We also need to consider testing score to better judge the performance of model. For charles_ask.csv dataset, k=6 always yields the highest testing score. For highter k, such as 10 and above, the training score tends to be much higher than testing score, which indicates overfitting. That’s probably because when data set is split into too many folds, only small amount of dataset are used for testing each time, and any possible variation is exaggerated. When k is low, say k=4, the testing score also tends to be low. That’s probably because the traing data size is not large enough to capture all the information of the whole dataset. For the charles_act.csv dataset we can see highest traing score when k=6,8,10 for different models.
Although the score is still not that approximate to 1, the predictive power has alreay been greatly improved compared to fitting results without zipcode considered. The best among them has training score aroung 0.3 and testing score around 0.25, which could be considered as having moderate predictive power.
Question 6
If we consider both training and testing score, the best model for charles_ask.csv dataset (we will call it model 1)is rid_regression with zipcode included and standardization of features, k=6. The best model for charles_act.csv dataset (we will call it model 2)is linear regression with zipcode included and standardization of both features and targets, k=10. Both of the models could be considered as underfitting. Model 1 only has a tarining score of 0.278 and testing score of 0.232. Model 2 only has a training score of 0.339 and testing score of 0.263. Although they are high enough compared to other models, they are still really not approximate to 1.

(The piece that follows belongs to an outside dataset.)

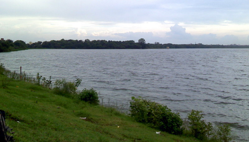 Ambazari lake at Nagpur
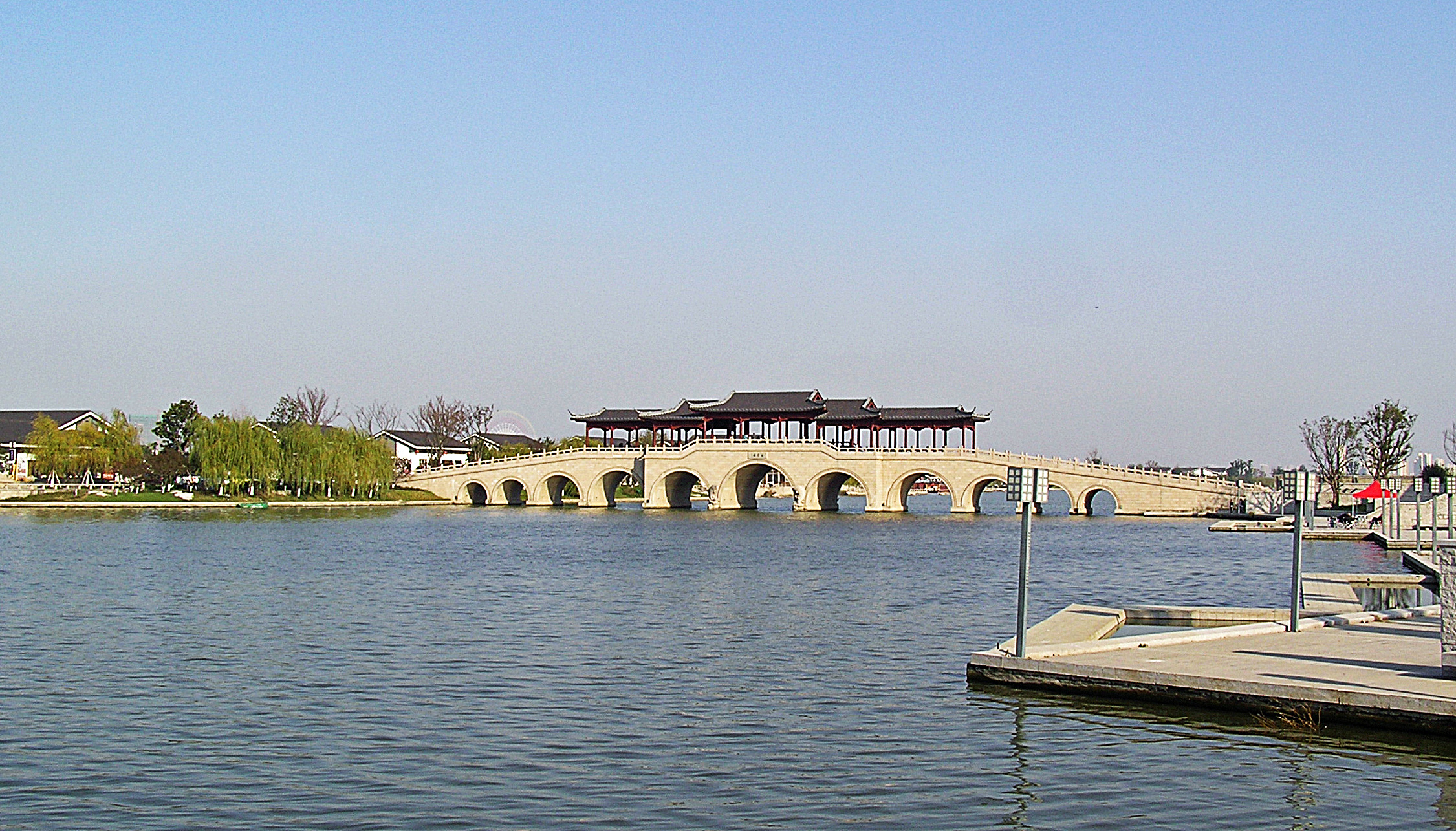 Ling Yun Bridge in Li Gong Di of the Jin Ji Lake, one of the renewal adjacent shopping mall and restaurants in Suzhou Industrial Park (SIP)

From the analysis we can see that including zipcode has significantly improved the predictive power. On the other hand, changing various types/specifications of the model without zipcode included really does not help much with improving scores. This suggests that while we definitely should try different models, getting more information associated with the targets is probably more important.
Given that charleston county is really near to the beach, another information could also be included is the distance from the beach. This might offer a more precise prediction compared to the categorical variable, zipcode. Other information could also be considered include the distance from the Ravenel Waterfront Park/Historic Charleston City Market, or number of restaurants/gyms in the community.